さよならソルシエ (Sayonara Sorushie)
- Genre: Historical, slice of life
- Written by: Hozumi
- Published by: Shogakukan
- Magazine: Flowers
- Original run: August 28, 2012 – August 28, 2013
- Volumes: 2

= Sayonara Sorcier =

Japanese manga series

Sayonara Sorcier (さよならソルシエ, Sayonara Sorushie) is a Japanese historical slice of life josei manga series written and illustrated by Hozumi. It was serialized in Shogakukan's Flowers manga magazine and was compiled in 2 volumes published in 2013. It tells the story of Theodorus van Gogh, an art dealer in late 19th-century Paris, who fights to promote innovative art and gain recognition for his brother Vincent's talent amidst a conservative art scene.

==Story==
The original manga tells the story of the van Gogh brothers - the famous painter Vincent van Gogh, and his younger brother Theodorus van Gogh - but primarily from the point of view of his younger brother. Theo is employed as the branch manager of the famous art dealership Goupil & Cie. He seeks to embrace new talents and techniques, but the bourgeoisie mentality of the time deems the lower classes unable to appreciate fine art, marking it as a domain exclusive to high society. Theo struggles to showcase art that depicts the truth of the everyday.

==Characters==
- Théodorus Van Gogh
- Vincent van Gogh
- Paul Gauguin
- Monsieur Baudrillard
- Jean Santro
- Jean Gérôme

==Volumes==
- 1 (May 10, 2013)
- 2 (November 8, 2013)

==Musical==
A stage musical adaptation took place at the Zepp Blue Theater in Roppongi, Tokyo, from March 17–21, 2016. Daisuke Nishida directed the production, and Shuhei Kamimura (Student Council's Discretion) composed the music.
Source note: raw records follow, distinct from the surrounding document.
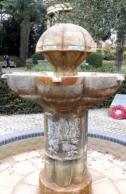 The other monument was unveiled in 1968, 50 years after the formation of Czechoslovakia out of the ruins of the failed Austro-Hungarian Empire. The memorial is in the form of a circular fountain. A bowl is supported by a single pillar on which the heraldic emblem of Czechoslovakia can be seen in bas-relief. Something, which at first sight resembles a large mushroom, sprouts upwards from the centre of the bowl. Closer examination of this reveals that it is a sculpture depicting a cluster of open parachutes. On each parachute, there is a name of one of the group of volunteers who parachuted into Czechoslovakia. The monument was designed by John French.
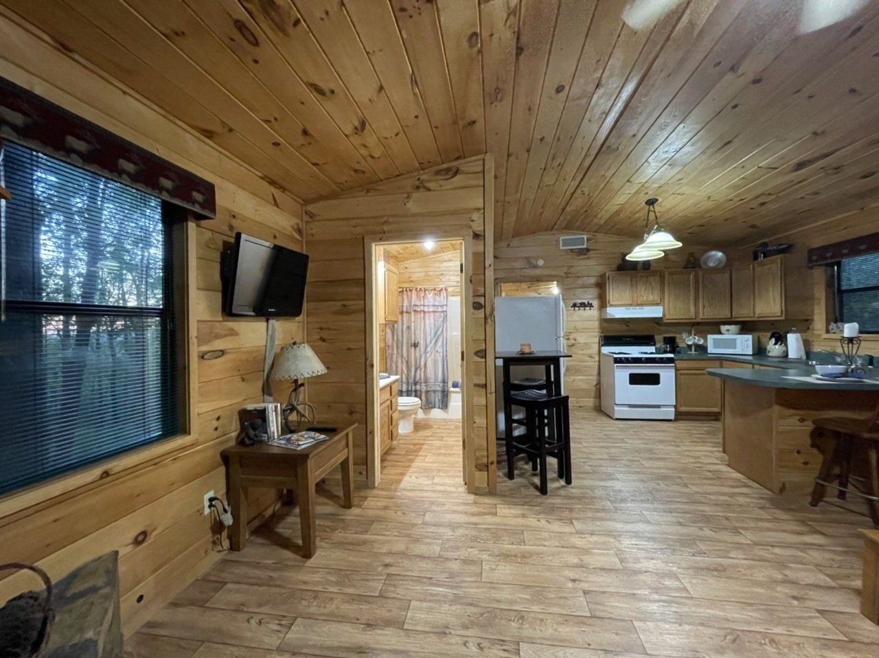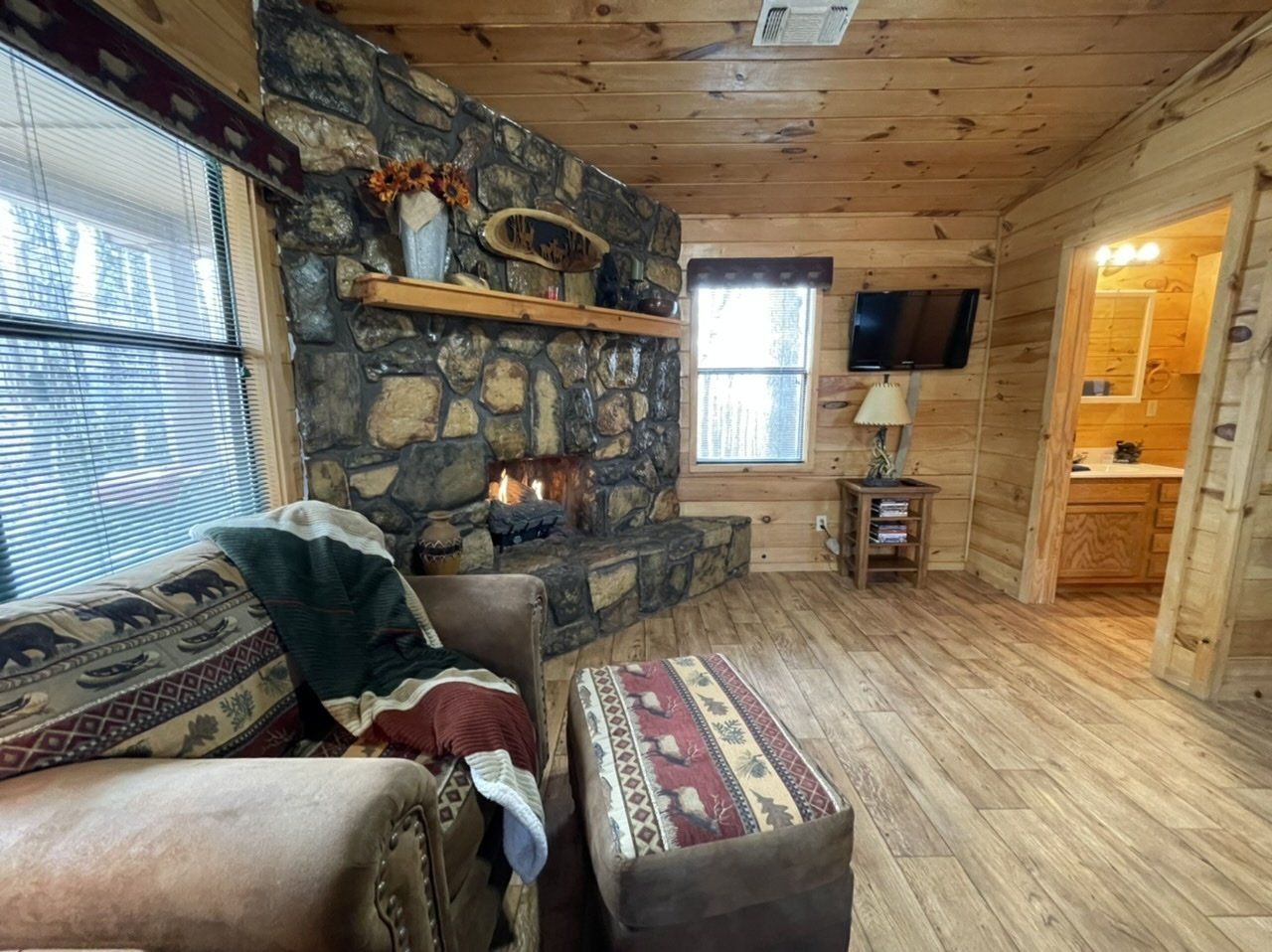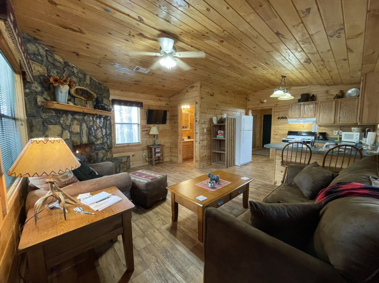 Unwind with a quiet, secluded weekend at our Bear Track Cabin. This cabin can boast a fully stocked kitchen complete with a propane gas combination stove and oven, full-sized refrigerator, coffee pot, and microwave. It offers a bedroom with a king-sized bed, a walk through room with a full size bed, a propane gas fireplace, television, and a tub shower for your convenience. Enjoy a beautiful view of the sunset over the mountains right from king size master bed! Take advantage of our outdoor grill while lounging on the welcoming entrance deck.
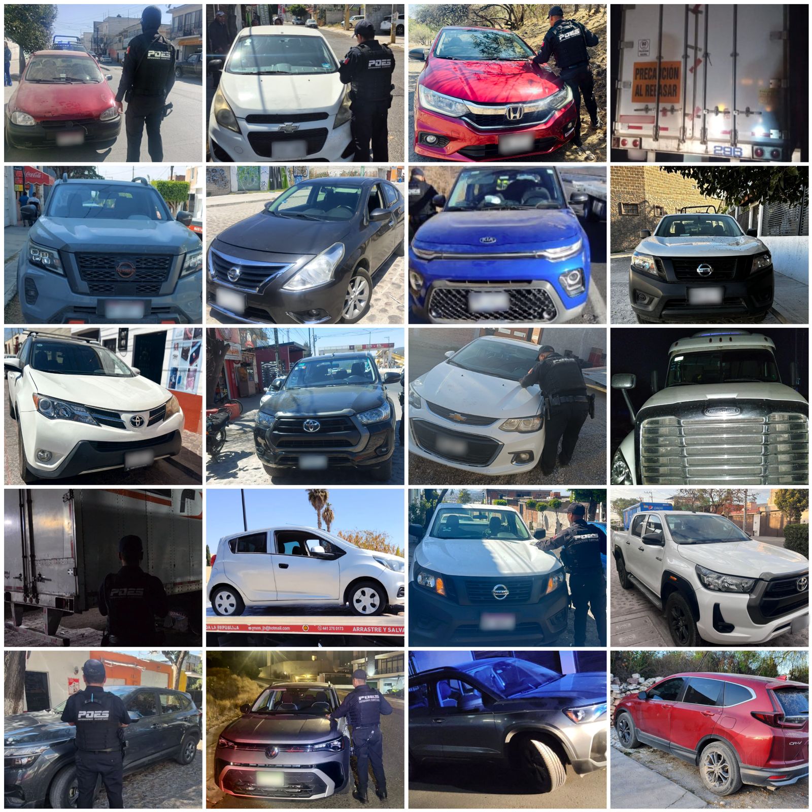 Fueron 20 automóviles, camionetas, tractocamiones y cajas secas los detectados en diversos hechos, y tras confirmar contaban con una carpeta de investigación abierta por robo se aseguraron.
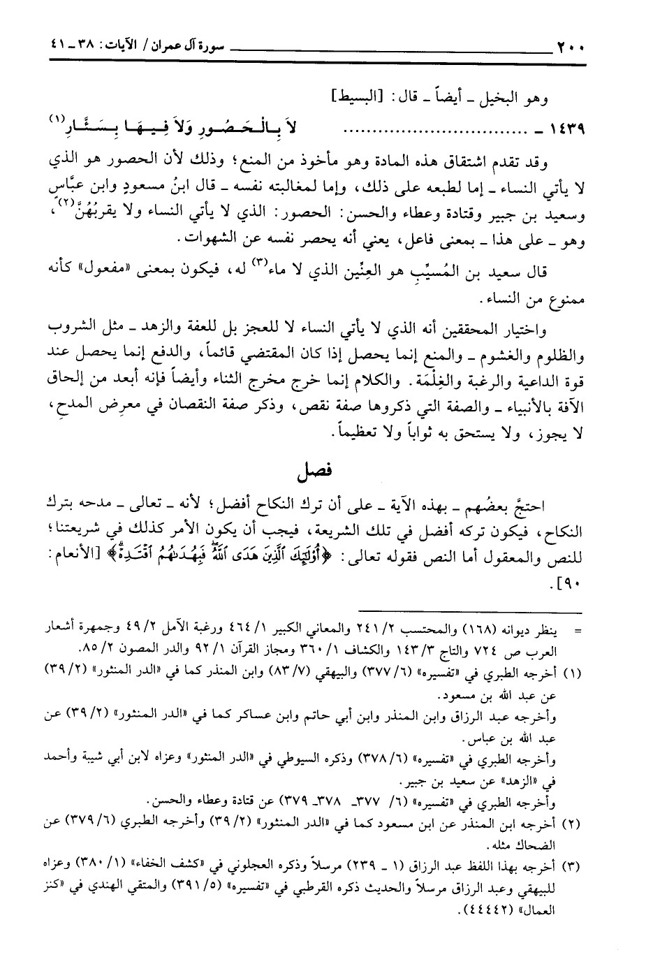 1439 - ... ... ... ... ... ... ... ... ... ..... لاَ بِالْحَصُورِ وَلاَ فِيهَا بِسَئّارِ
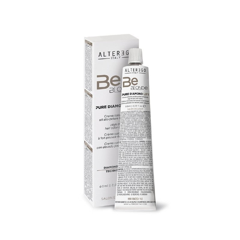 Alter Ego Pure Diamond Lift is een hi-lift permanente kleurcrème. De kleurcrème heeft een hoge concentratie aan oliën en vocht inbrengende middelen die de haarelasticiteit verbeteren. Het haar wordt gevoed en krijgt een prachtige glans. Alter Ego Pure Diamond Lift bevat Diamond Shine Technology. Dit is een uitgebalanceerde formule die helpt om de haarkleur te beschermen tegen vergeling. Daarnaast garandeert de formule maximale bescherming van het haar tijdens het hi-lift proces.
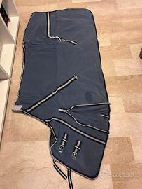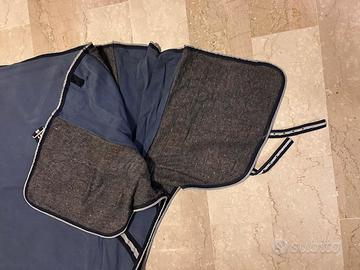 Coperta da cavallo con interno in cotone felpato. Misure dal garrese ad attacco coda 135 cm. Marca Umbria Equitazione (ma senza etichetta).
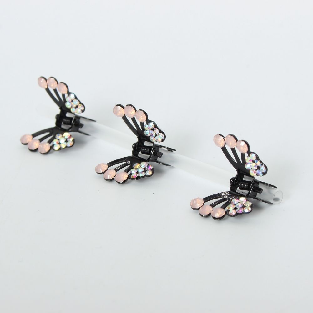 3 x Mini Haarklammern in Schmetterling Form mit Strass-Steinen bestückt
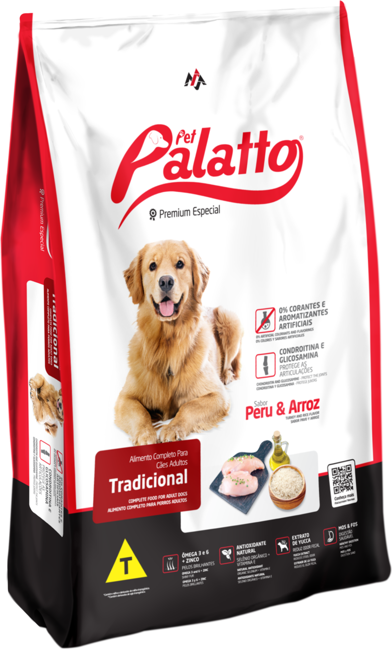 Farinha mista de aves e peru, farinha de torresmo, farinha de carne e ossos bovino, farinha de vísceras de aves, farinha de peixes, milho moído*, farelo de soja**, farelo de arroz, quirera de arroz, farelo de milho proteico*, óleo de aves, hidrolisado de fígado de aves, cloreto de sódio (sal comum), extrato de levedura, vitamina A, vitamina D3, vitamina E, vitamina K3, vitamina B1, vitamina B2, vitamina B3, vitamina B5, vitamina B7, vitamina B12, cloreto de colina, complexo de ferro aminoácido, complexo manganês aminoácido, sulfato de ferro, sulfato de cobre, monóxido de manganês, óxido de zinco, iodato de cálcio, selenito de sódio, dióxido de silício, extrato de yucca (0,01%), parede celular de levedura, aditivos prebióticos fonte de MOS e FOS, inulina, DL-metionina, L-lisina, sulfato de condroitina (mín. 0,005%), sulfato de glicosamina (mín. 0,02%), propionato de cálcio, antioxidantes (BHT, BHA, ácido cítrico, etoxiquim e propilgalato).
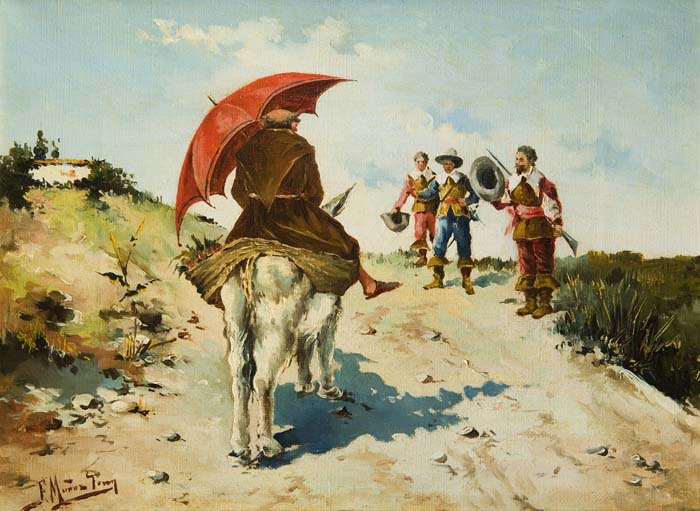 Landschaft, drei Musketiere grüßen ehrwürdig einen Mönch,
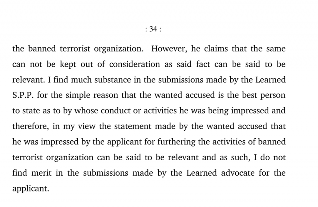 “I find much substance in the submissions made by the learned Special Public Prosecutor(S.P.P) for the smile reason that the wanted accused is the best person to state as to by who conduct or activities he was being impressed and therefore, in my view, the statement made by the wanted accused that he was impressed by the applicant for furthering the activities of a banned terrorist organisation can be said to be relevant…” read the court order announced by Justice Kothalikar while dismissing the bail application moved by Anand Teltumbde.
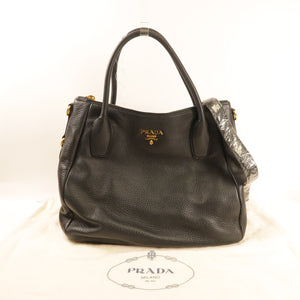 PRADA GHW 2 Way Shoulder Bag Handbag Calfskin Leather Black
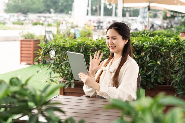 亚洲女士使用平板电脑进行交流

Another stage play, featuring the same staff, ran at Tokyo's Theatre 1010 from March 17–20, 2017.

==Reception==
Volume 2 reached the 32nd place on the weekly Oricon manga chart and, as of November 17, 2013, has sold 39,410 copies.

It was number 1 on the 2014 Kono Manga ga Sugoi! Top 20 Manga for Female Readers survey and was a runner-up on the top 50 manga on the 15th Book of the Year list by Da Vinci magazine.